*** Block opens ***
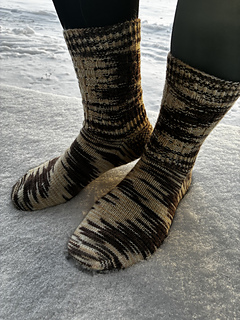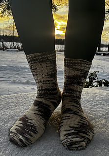 Lanka Fingering-vahvuista vahvistettua sukkalankaa (n. 400 m/100 g). Menekki 80 (90) grammaa.
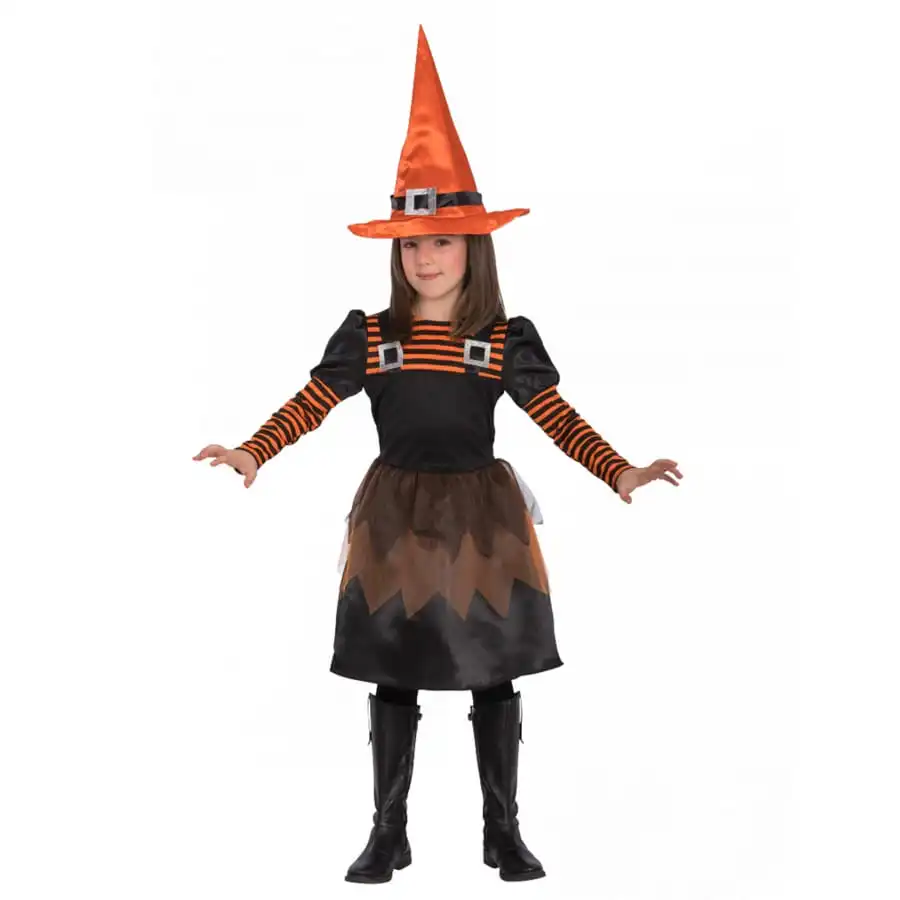 Votre fille sera fin prête pour la chasse aux bonbons, avec la robe de petite sorcière orange et noir.
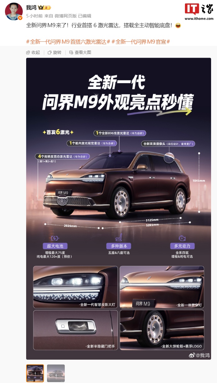 IT之家注意到,博主 @我鸿 今日分享了全新一代问界 M9 的外观亮点。据介绍,新车将首搭 6 激光雷达(包含 1 个华为自研全新 896 线激光雷达、1 个舱内激光视觉雷达、4 个高精度固态激光雷达),并搭载全主动智能底盘。
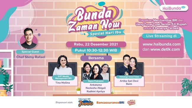 Jangan sampai kelewatan, acara ini akan diselenggarakan pada Rabu, 22 Desember 2021 pukul 10.30-12.30 dan bisa saksikan secara live streaming di haibunda.com serta detik.com di haibunda.com/bunda-zaman-now. Acara 'Festival Bunda Zaman Now' ini juga didukung oleh Tabungan BRI Junio, Bancassurance BRI, dan Good Time.
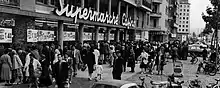 In 1957, Casino opened its first supermarket in Nice, under the brand Nica.[19] The store, which was totally self-service, offered both food and non-food products. The first supermarket with the Casino name opened in May 1960 in Grenoble.[17] A few months later, four new stores opened in Nice, Saint-Étienne, Firminy and Lyon. The first two Paris supermarkets opened in 1970 in Saint-Denis and Bagneux.[20] In March 1970, the first Géant Casino hypermarket opened its doors in Marseille.[20] It was then the biggest store in France with a surface of 16000 m². The shopping mall was made of 41 independent businesses and a Casino cafeteria. The SOMABRI company (SOciété des Magasins de BRIcolage/the company of DIY stores) was created in 1978 to enable Casino Group to be present on the DIY market. It opened its first two stores in 1978 in Toulouse Fenouillet and in Clermont le Brézet. Casino transferred its majority ownership to Castorama in October 1989.[21] · .[22]
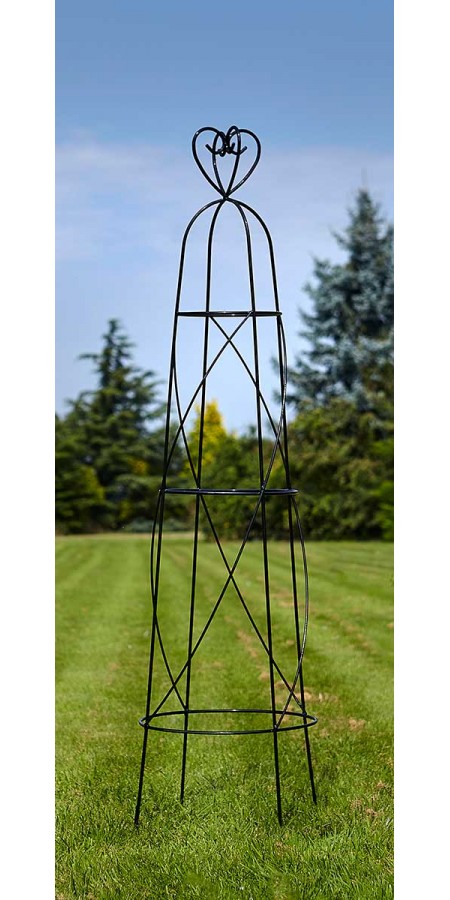 - A stunning plant obelisk with a heart shaped finial and detailed wirework
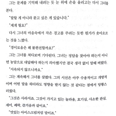 닉과 밀레나의 시점에서 번갈아 전개 되는데, 정전에서부터 대 환장 파티까지 3일밖에 지나지 않았다는 사실을 상기할 때마다 흠칫 놀라게 된다. 너무 많은 일들을 본 것 같은데, 고작 3일이라니. 인물들의 내면묘사에 공감하며 가다보면 뜻밖의 대 환장 파티를 만나게 된다. 예상외의 장면에 당황스러움을 느끼기가 무섭게 곧 통쾌함을 느끼게 된다. 묵어놓은 감정들이 폭발하는 장면은 언제나 통쾌하지만 인간관계에 대한 심리가 많은 책이라 더 통쾌하게 느껴졌다. 젤라토를 소재로 전개된 뜻밖의 매력적인 이야기에 안드레아 데 카를로의 다른 소설이 궁금해진다.
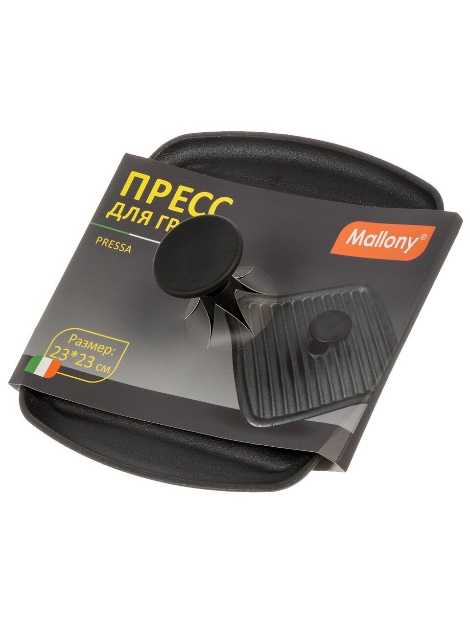 Вы можете приобрести «Пресс для гриля чугун, 23 см, Mallony, Pressa, кнопка бакелит, бакелитовая ручка, квадрат, 985062» и другие товары в нашем интернет-магазине в Старом Осколе по низким ценам и с бесплатным самовывозом.
*** Block closes ***
§ Work to complete: Everything from the first line of the entries through the line containing "IT之家注意到,博主 @我鸿 今日分享了全新一代问界" is to be transcribed exactly; the pictures are not.

§ Expected answer:
 Lanka Fingering-vahvuista vahvistettua sukkalankaa (n. 400 m/100 g). Menekki 80 (90) grammaa.
 Votre fille sera fin prête pour la chasse aux bonbons, avec la robe de petite sorcière orange et noir.
 IT之家注意到,博主 @我鸿 今日分享了全新一代问界 M9 的外观亮点。据介绍,新车将首搭 6 激光雷达(包含 1 个华为自研全新 896 线激光雷达、1 个舱内激光视觉雷达、4 个高精度固态激光雷达),并搭载全主动智能底盘。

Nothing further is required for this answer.